### Problem statement
The line containing "Шкаф с двумя", plus every line that follows it to the end of the listing below, is what you transcribe exactly; omit all pictures.

[[ Information provided open ]]

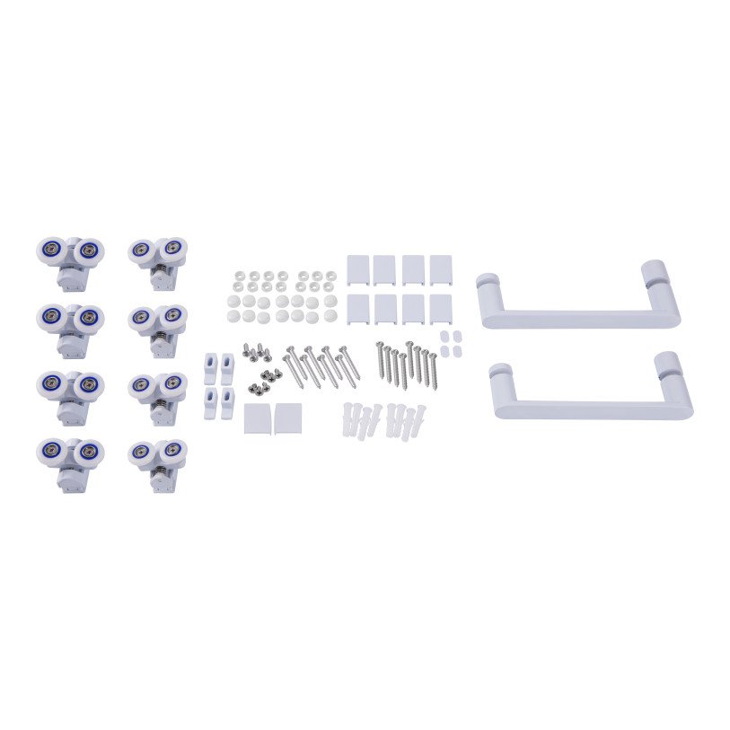 | Комплектація | Подвійні ролики, ручки, верхній профіль, нижній профіль, бічні профілі, набір ущільнювачів, розширювальні профілі, 2 скляні двері, 2 глухих скла, комплект кріпильних деталей, заглушки, з‘єднувальні елементи, фіксатори. |
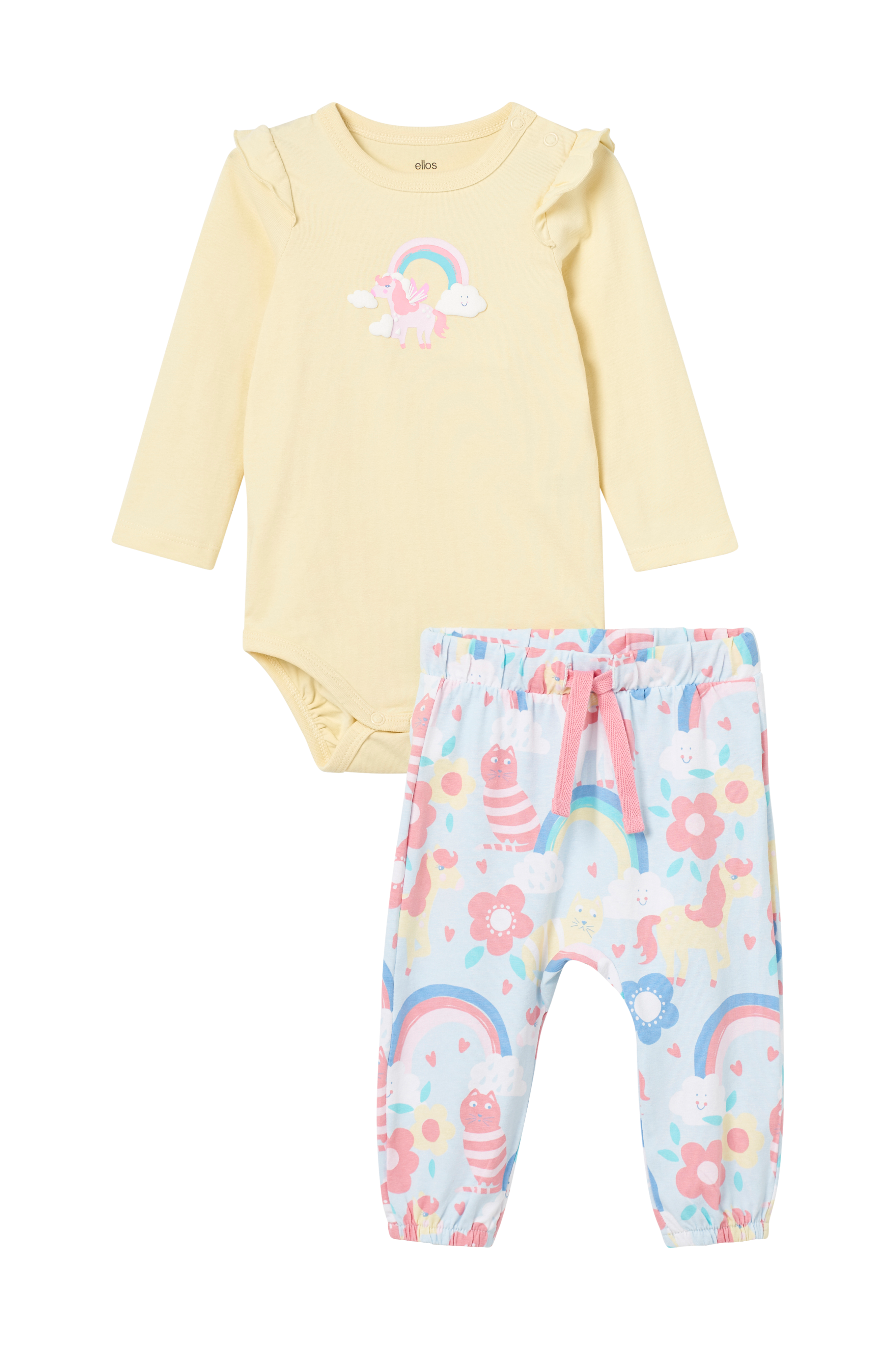 • Todelt sæt i bomuldsjersey• Langærmet body med trykknapper ved skulderen og ved skridtet• Volanter omkring skuldrene• Bukser med elastisk talje med træksnørre• Elastisk bånd ved enden af benene
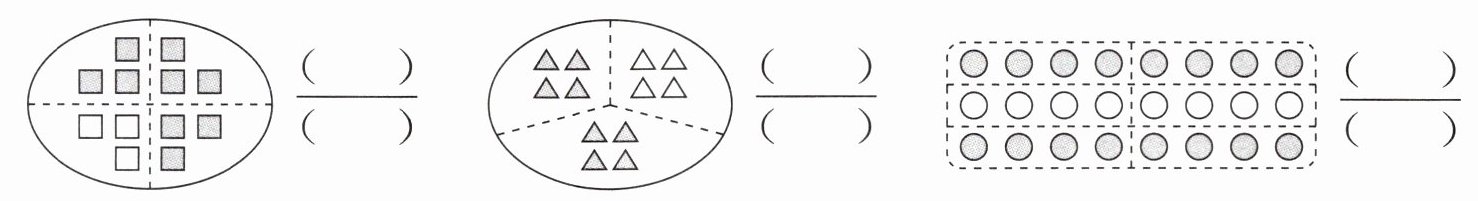 (1) 用分数表示下面各图中的涂色部分。
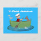 Cute boy sailor and dog rowing boat cartoon postcard
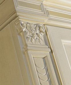 Шкаф с двумя раздвижными дверцами. Декорирован росписью и резьбой. Включает в себя внутренний комод с тремя выдвижными ящиками, штанги, полки. Возможны другие варианты отделки
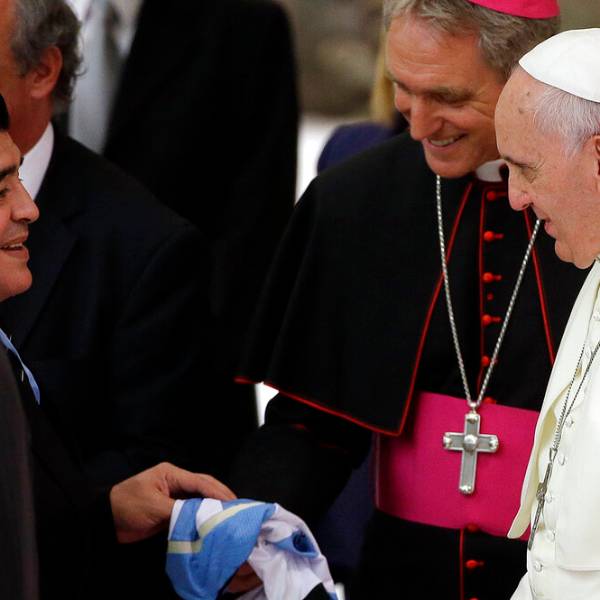 Hincha ávido del fútbol, especialmente del club argentino San Lorenzo, el Papa se reunió con Maradona en el Vaticano en 2014 durante una audiencia especial por un partido organizado con fines benéficos.
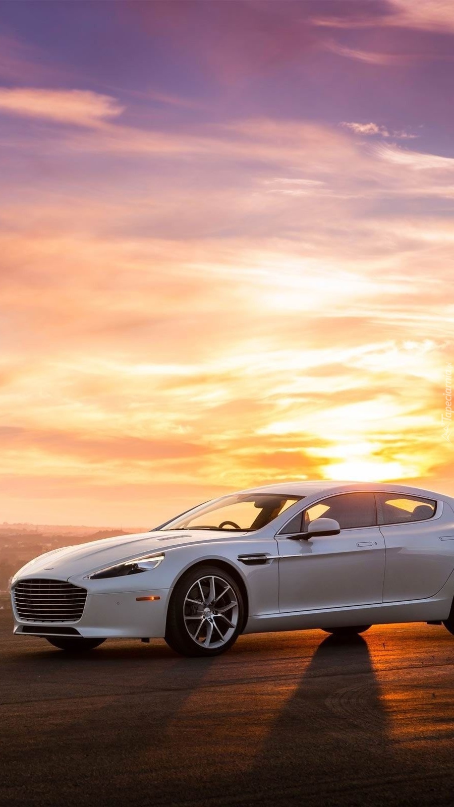 Edytor tapety: Aston Martin w tle zachodzącego słońca

[[ Information provided closed ]]

### Your solution
 Шкаф с двумя раздвижными дверцами. Декорирован росписью и резьбой. Включает в себя внутренний комод с тремя выдвижными ящиками, штанги, полки. Возможны другие варианты отделки
 Hincha ávido del fútbol, especialmente del club argentino San Lorenzo, el Papa se reunió con Maradona en el Vaticano en 2014 durante una audiencia especial por un partido organizado con fines benéficos.
 Edytor tapety: Aston Martin w tle zachodzącego słońca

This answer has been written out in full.